Santa Maria dell'Ogninella is a deconsecrated Roman Catholic church, located facing Piazza Ogninella, which lies two blocks east from the Piazza dell'Universita east along Via Euplio Reina, in the center of the city of Catania, Sicily, southern Italy. The church has undergone and still remains under restoration.

==History and description==
The present church was built by 1711, commissioned by a lay congregation of individuals with doctorates in law, medicine, or theology, as well as government officials and notaries, using designs attributed to Giovanni Battista Vaccarini. The prior chapel at the site, like most of Catania, had been razed by the 1693 earthquake. The derivation of the title Ogninella is complicated. A prior church in town named Santa Maria da Ongia had been built adjacent to the town walls. The name Ongia is the site north of Catania where Ulysses had putatively disembarked in Sicily during his Odyssey. Putatively the 1693 earthquake uncovered an ancient frescoed icon of the virgin near the no longer extant Porta San Orsola in the medieval walls, that was attributed to the Ongia church. This icon was brought to be housed in this church. Somehow the name of the church was transmuted to Ogninella.

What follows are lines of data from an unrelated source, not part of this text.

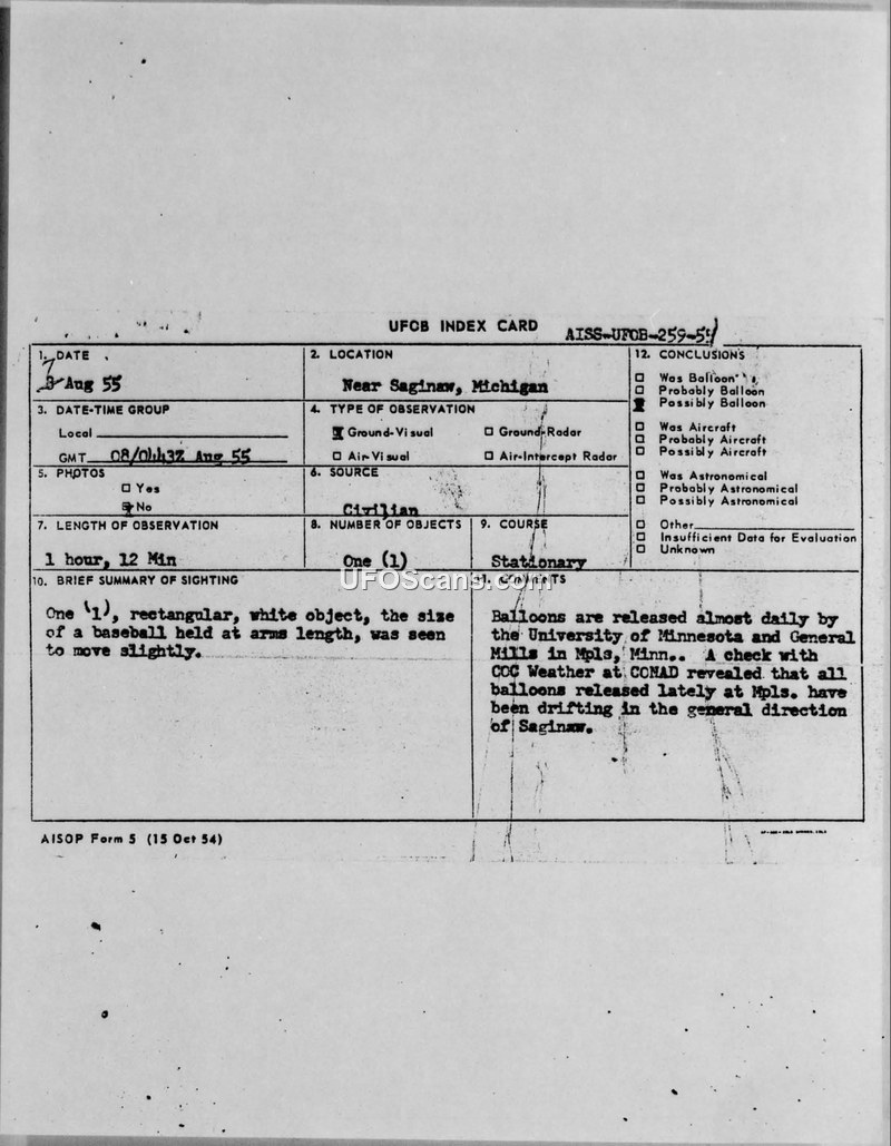 This document is a UFOB Index Card (AISS-UFOB-259-59) detailing a sighting that occurred on August 7, 1955, near Saginaw, Michigan. The witness reported observing a single, rectangular, white object for a duration of one hour and twelve minutes. The object was described as being the size of a baseball held at arm's length and was observed to move slightly. The observation was classified as ground-visual, with no radar contact or photographic evidence reported. The official conclusion reached on the card is that the object was 'Possibly Balloon'. The comments section provides context for this conclusion, stating that balloons are released almost daily by the University of Minnesota and General Mills in Minneapolis, Minnesota. Furthermore, a check with CONAD weather services revealed that all balloons released from Minneapolis during that period had been drifting in the general direction of Saginaw, suggesting a likely explanation for the sighting.
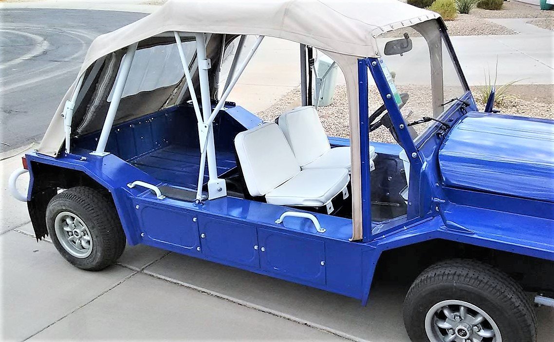 This apparently well-loved Moke has been comprehensively restored, according to the seller, and comes with two tops, side curtains and “roo bars” protecting the front and back ends. It rides on 10-inch Minilite wheels.
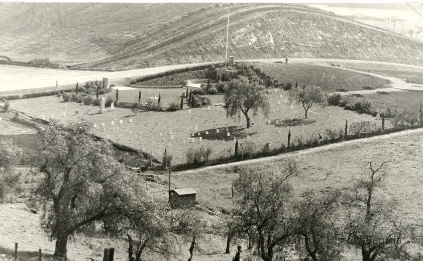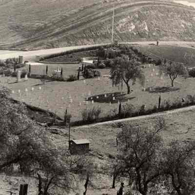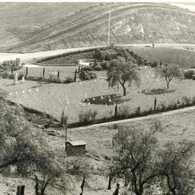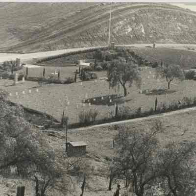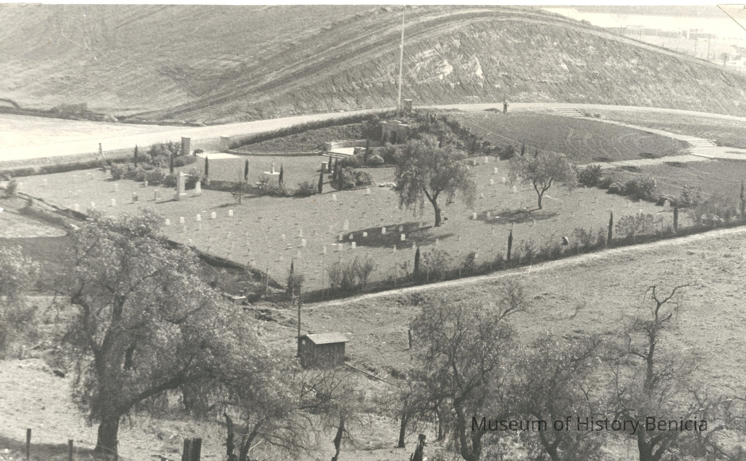 B/W photo of central portion of Military Cemetery in Benicia. Well house in foreground.

In the 20th century, the church was sold to various owners over the centuries, little of the interior decoration remains. The church has an octagonal dome and a peculiar rounded facade.

The Piazza is notable because the area was involved in the May 1860 skirmishes between rebels and the Napolitan army of the Bourbon King Francis II of the Two Sicilies. Garibaldi had landed at Marsala in Western Sicily on May 11, and was deliberately moving east with his army of volunteers. Rebellions against Bourbon rule broke out in many of the urban centers of Sicily, including Catania. Government troops aiming to disperse the rebels moved west from the Castello Ursino. In Palazzo Tornabene, across the street from the church facade, rebels had placed a cannon that had been hidden during the prior revolution (1848). Manning the cannon was Giuseppa Bolognara Calcagno, a former foundling and servant to an innkeeper. From the palace she surprised troops advancing on what is now Via Euplio Reina. Later that day she again surprised advancing troops, creating a false discharge by fulminating some gunpowder near the mouth of the cannon. When the troops advanced to capture what they considered to be a spent artillery piece, she discharged a volley at close range. She would gain the nickname Peppa a Cannunera. This allowed the rebels to capture a Bourbon artillery piece. While the rebellion in Catania was initially suppressed, the Bourbon troops would soon flee north to Messina, then to the peninsula.